GIVEN DATA =>
= Beginning of Section =

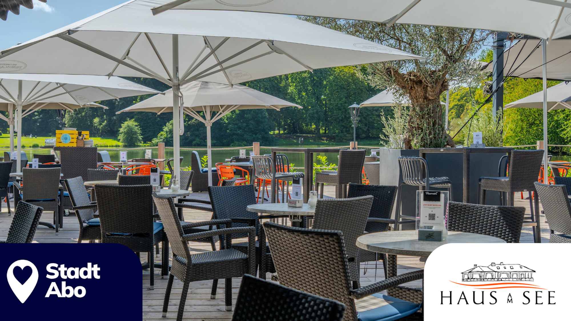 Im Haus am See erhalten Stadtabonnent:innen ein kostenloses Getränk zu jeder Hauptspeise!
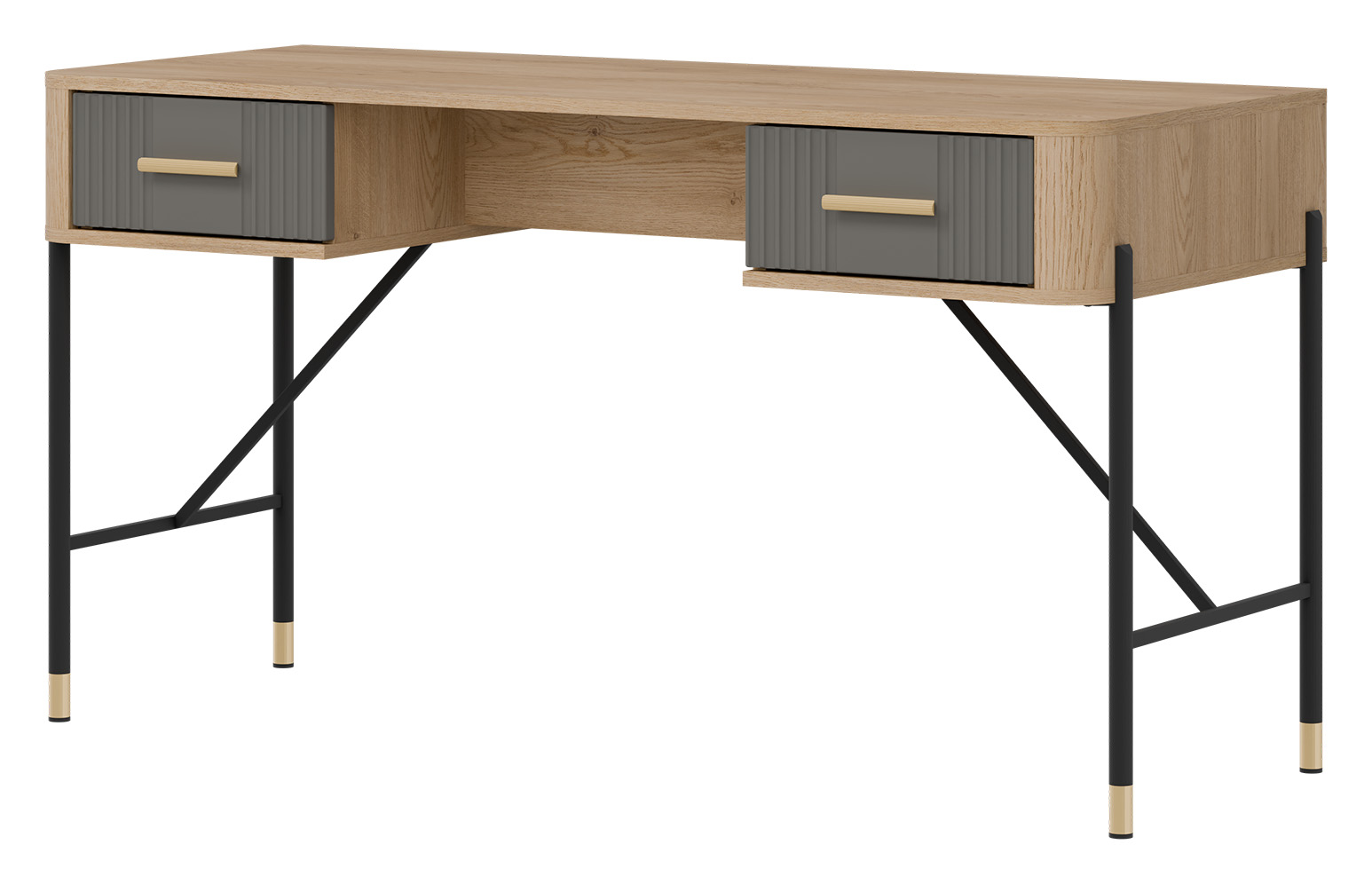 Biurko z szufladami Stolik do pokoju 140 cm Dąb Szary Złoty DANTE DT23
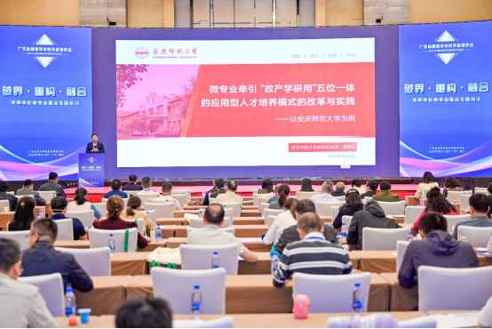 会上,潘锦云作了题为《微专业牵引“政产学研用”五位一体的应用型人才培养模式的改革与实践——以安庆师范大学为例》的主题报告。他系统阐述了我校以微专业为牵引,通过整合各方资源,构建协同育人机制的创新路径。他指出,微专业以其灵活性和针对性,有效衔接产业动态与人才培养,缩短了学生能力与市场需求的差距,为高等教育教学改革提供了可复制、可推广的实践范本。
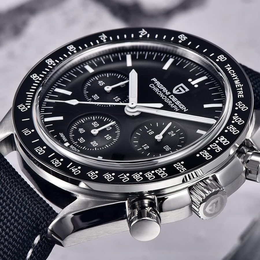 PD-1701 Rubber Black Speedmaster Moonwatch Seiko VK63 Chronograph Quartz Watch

= End of Section =
= Beginning of Section =

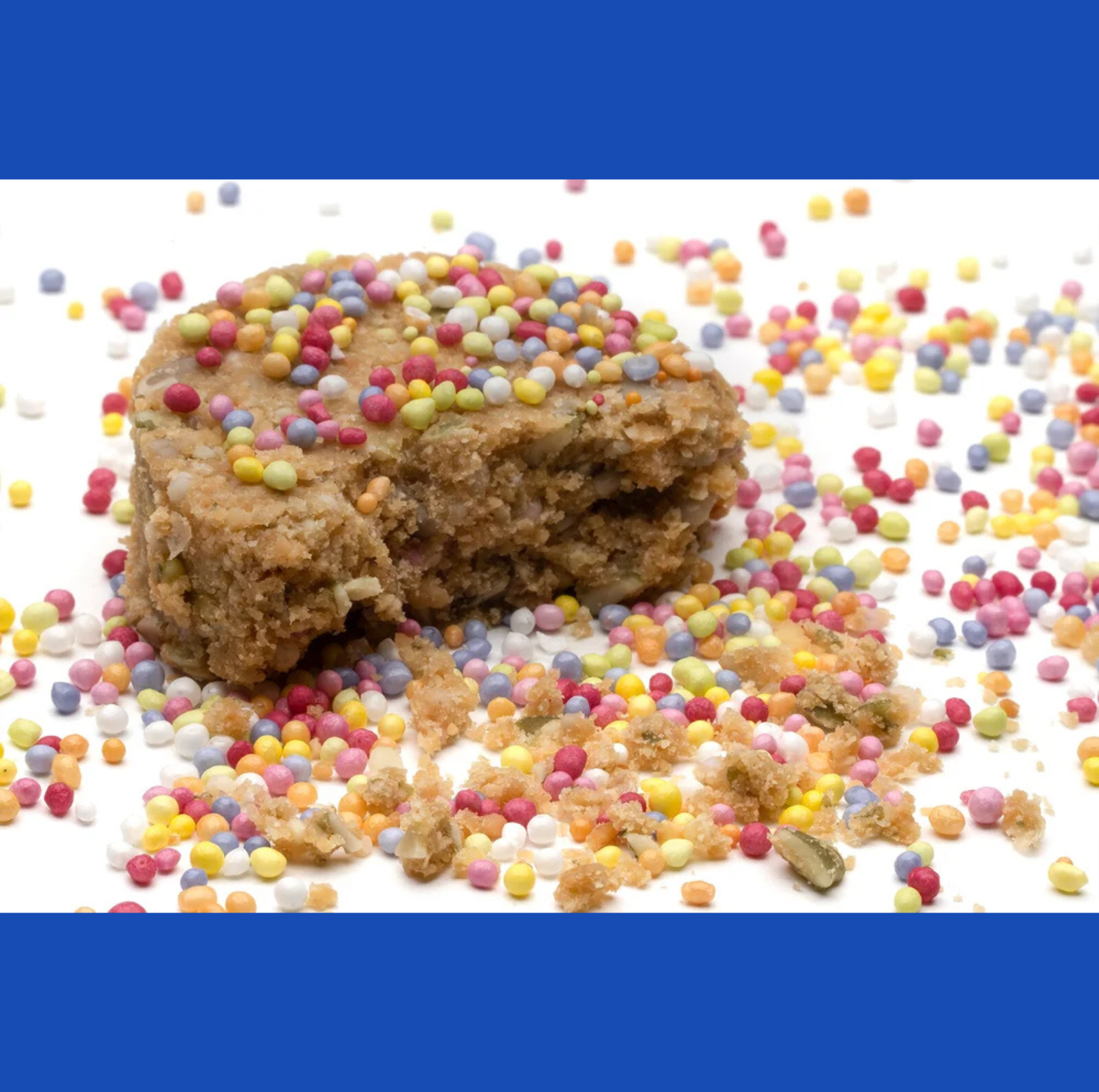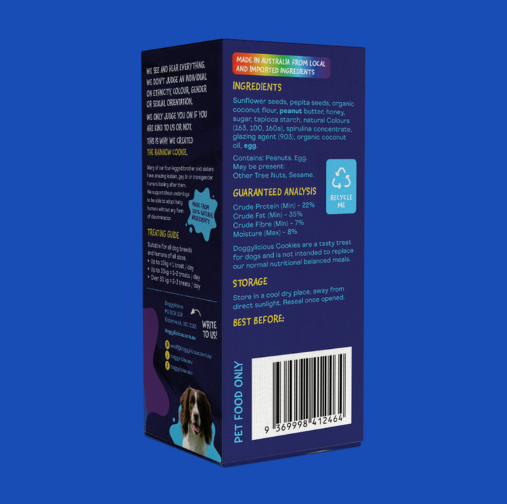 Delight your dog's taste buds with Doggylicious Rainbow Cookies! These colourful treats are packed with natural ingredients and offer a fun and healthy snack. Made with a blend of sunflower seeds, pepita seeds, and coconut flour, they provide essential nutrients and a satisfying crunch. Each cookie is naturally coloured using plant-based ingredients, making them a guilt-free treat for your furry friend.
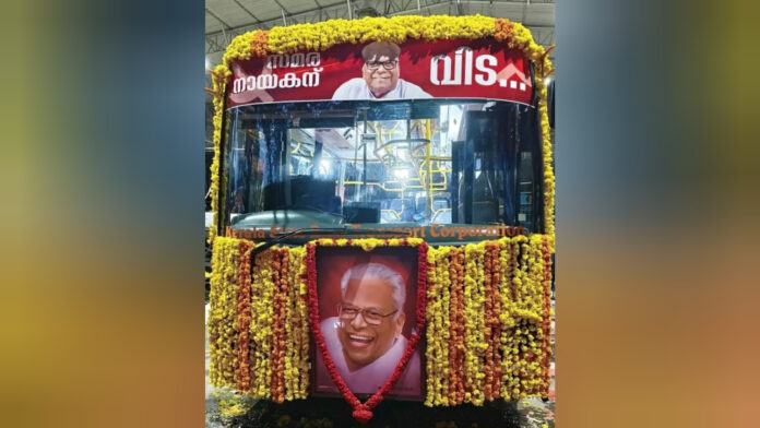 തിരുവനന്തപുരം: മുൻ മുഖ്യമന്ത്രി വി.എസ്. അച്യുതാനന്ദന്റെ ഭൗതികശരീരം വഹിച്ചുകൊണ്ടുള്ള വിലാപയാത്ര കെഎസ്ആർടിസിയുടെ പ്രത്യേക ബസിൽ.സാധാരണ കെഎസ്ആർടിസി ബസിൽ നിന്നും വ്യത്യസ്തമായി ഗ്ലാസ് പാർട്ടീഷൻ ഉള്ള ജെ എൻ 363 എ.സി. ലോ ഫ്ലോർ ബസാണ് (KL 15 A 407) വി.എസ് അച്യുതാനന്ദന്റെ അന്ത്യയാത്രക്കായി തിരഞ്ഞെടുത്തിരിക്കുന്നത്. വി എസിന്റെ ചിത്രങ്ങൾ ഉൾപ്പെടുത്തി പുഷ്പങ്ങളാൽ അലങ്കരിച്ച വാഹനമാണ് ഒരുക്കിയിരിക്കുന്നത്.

= End of Section =
= Beginning of Section =

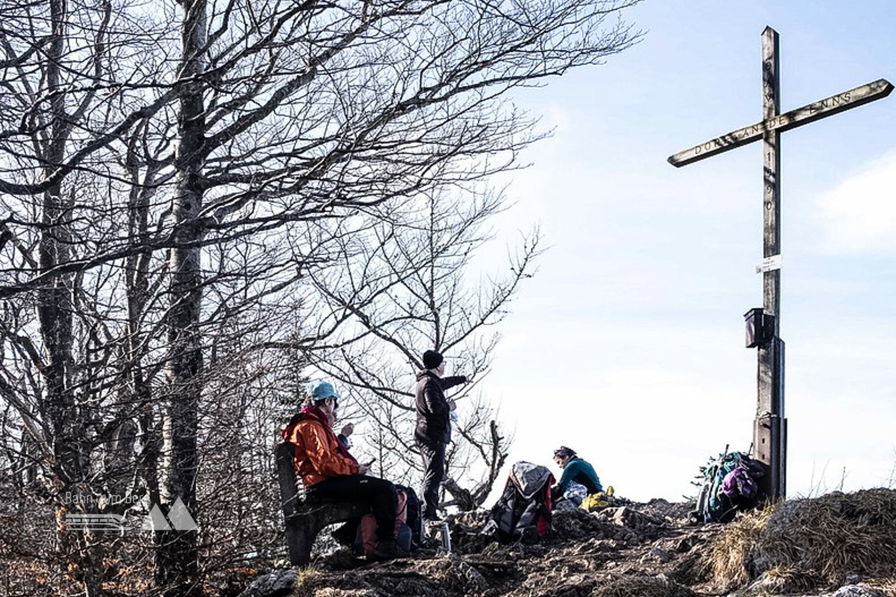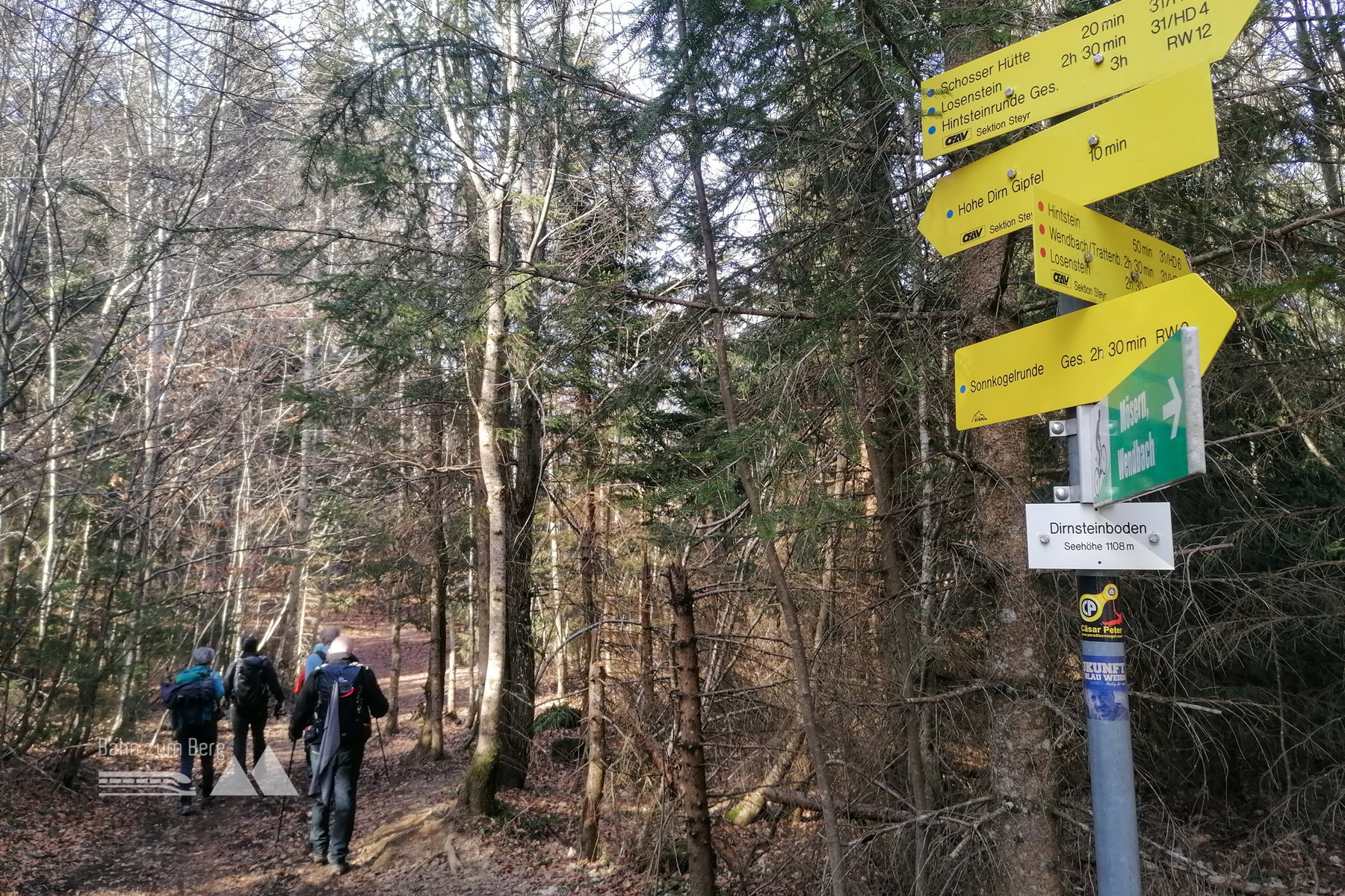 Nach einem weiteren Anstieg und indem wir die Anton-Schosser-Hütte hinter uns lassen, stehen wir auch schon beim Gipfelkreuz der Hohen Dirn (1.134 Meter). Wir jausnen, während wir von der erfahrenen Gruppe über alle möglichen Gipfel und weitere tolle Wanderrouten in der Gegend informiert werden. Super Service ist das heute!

= End of Section =

PROBLEM => Your reply is to be an exact repeat of the listing above from the line holding "Im Haus am See" down to the line holding "PD-1701 Rubber Black", ends included, pictures excluded.

WRITTEN REPLY =>
 Im Haus am See erhalten Stadtabonnent:innen ein kostenloses Getränk zu jeder Hauptspeise!
 Biurko z szufladami Stolik do pokoju 140 cm Dąb Szary Złoty DANTE DT23
 会上,潘锦云作了题为《微专业牵引“政产学研用”五位一体的应用型人才培养模式的改革与实践——以安庆师范大学为例》的主题报告。他系统阐述了我校以微专业为牵引,通过整合各方资源,构建协同育人机制的创新路径。他指出,微专业以其灵活性和针对性,有效衔接产业动态与人才培养,缩短了学生能力与市场需求的差距,为高等教育教学改革提供了可复制、可推广的实践范本。
 PD-1701 Rubber Black Speedmaster Moonwatch Seiko VK63 Chronograph Quartz Watch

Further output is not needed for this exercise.